| What the exercise asks |
An exact reproduction of the listing is wanted, with the pictures dropped.

| Supplied information |
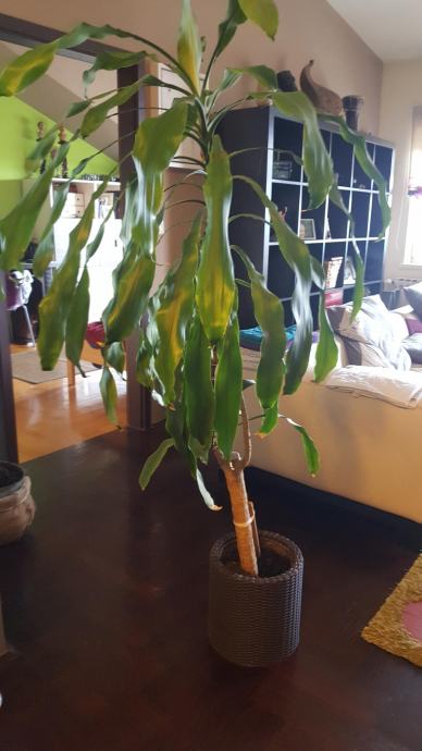 Sobna biljka DRACENA (drvo), prekrasnih listova, visine cca 165 - 170 cm, u pletenoj posudi tamnosmeđe boje.
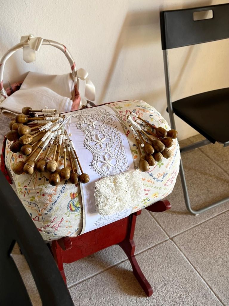 Bevor wir die Brücke passieren, sehen wir einen Mann vor einer kleinen Kirche stehen, vor einem großen Pilgerschild mit der Aufschrift STAMP. Schon kramen wir nach unserem Pilgerpass und erklimmen die Stufen zur Kirche. Während er unsere Pässe stempelt, schaue ich mich um. Die Kirche ist sehr schön dekoriert, mir fallen die vielen Spitzendeckchen auf. Er bemerkt meinen Blick und ruft mich zu sich. Ich verstehe nicht, was er mir sagen will, doch dann zeigt er auf eine Klöppelwalze. Dort entsteht gerade ein neues Spitzenband. Froggy deutet auf ihn und fragt, ob er das macht. Er lacht laut auf und zeigt uns dann ein Bild auf seinem Handy von seiner Frau beim Klöppeln. Man sieht ihm an, wie stolz er auf seine Frau ist, er zeigt uns immer mehr Bilder. Ich erinnere mich, gelesen zu haben, dass in Vila do Conde die Tradition des Klöppelns seit dem 17. Jahrhundert beibehalten wurde. Wir bestaunen noch hinreichend das Werk und machen uns dann auf zu unserer Herberge.
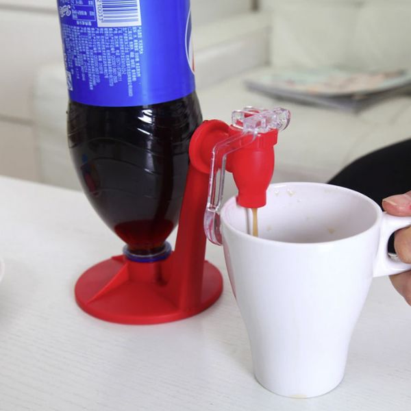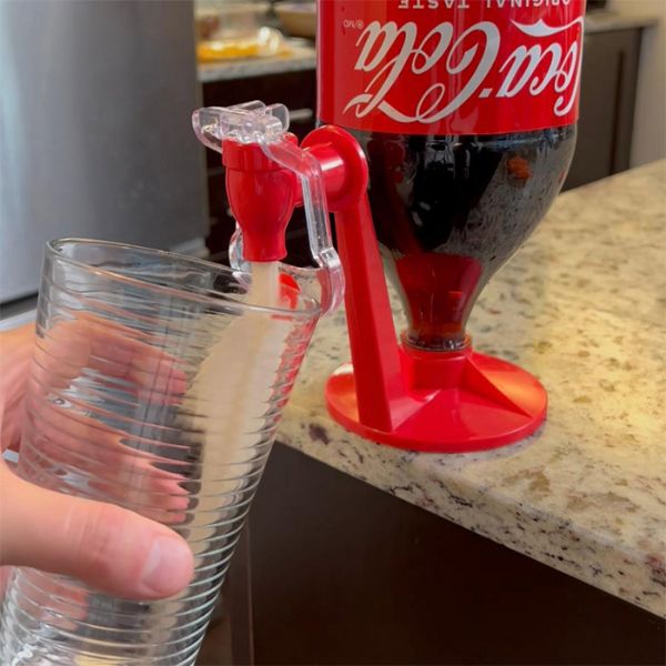 Бавно и стабилно завийте гумения накрайник върху желаната бутилка с напитка и след това бавно я обърнете обратно. Поставете чашата под чучура, от който излиза напитката, и я преместете към прозрачната дръжка. Това ще накара напитката да потече в чашата ви. Когато чашата се напълни, я издърпайте и чучурът ще се затвори автоматично.

| Reply |
 Sobna biljka DRACENA (drvo), prekrasnih listova, visine cca 165 - 170 cm, u pletenoj posudi tamnosmeđe boje.
 Bevor wir die Brücke passieren, sehen wir einen Mann vor einer kleinen Kirche stehen, vor einem großen Pilgerschild mit der Aufschrift STAMP. Schon kramen wir nach unserem Pilgerpass und erklimmen die Stufen zur Kirche. Während er unsere Pässe stempelt, schaue ich mich um. Die Kirche ist sehr schön dekoriert, mir fallen die vielen Spitzendeckchen auf. Er bemerkt meinen Blick und ruft mich zu sich. Ich verstehe nicht, was er mir sagen will, doch dann zeigt er auf eine Klöppelwalze. Dort entsteht gerade ein neues Spitzenband. Froggy deutet auf ihn und fragt, ob er das macht. Er lacht laut auf und zeigt uns dann ein Bild auf seinem Handy von seiner Frau beim Klöppeln. Man sieht ihm an, wie stolz er auf seine Frau ist, er zeigt uns immer mehr Bilder. Ich erinnere mich, gelesen zu haben, dass in Vila do Conde die Tradition des Klöppelns seit dem 17. Jahrhundert beibehalten wurde. Wir bestaunen noch hinreichend das Werk und machen uns dann auf zu unserer Herberge.
 Бавно и стабилно завийте гумения накрайник върху желаната бутилка с напитка и след това бавно я обърнете обратно. Поставете чашата под чучура, от който излиза напитката, и я преместете към прозрачната дръжка. Това ще накара напитката да потече в чашата ви. Когато чашата се напълни, я издърпайте и чучурът ще се затвори автоматично.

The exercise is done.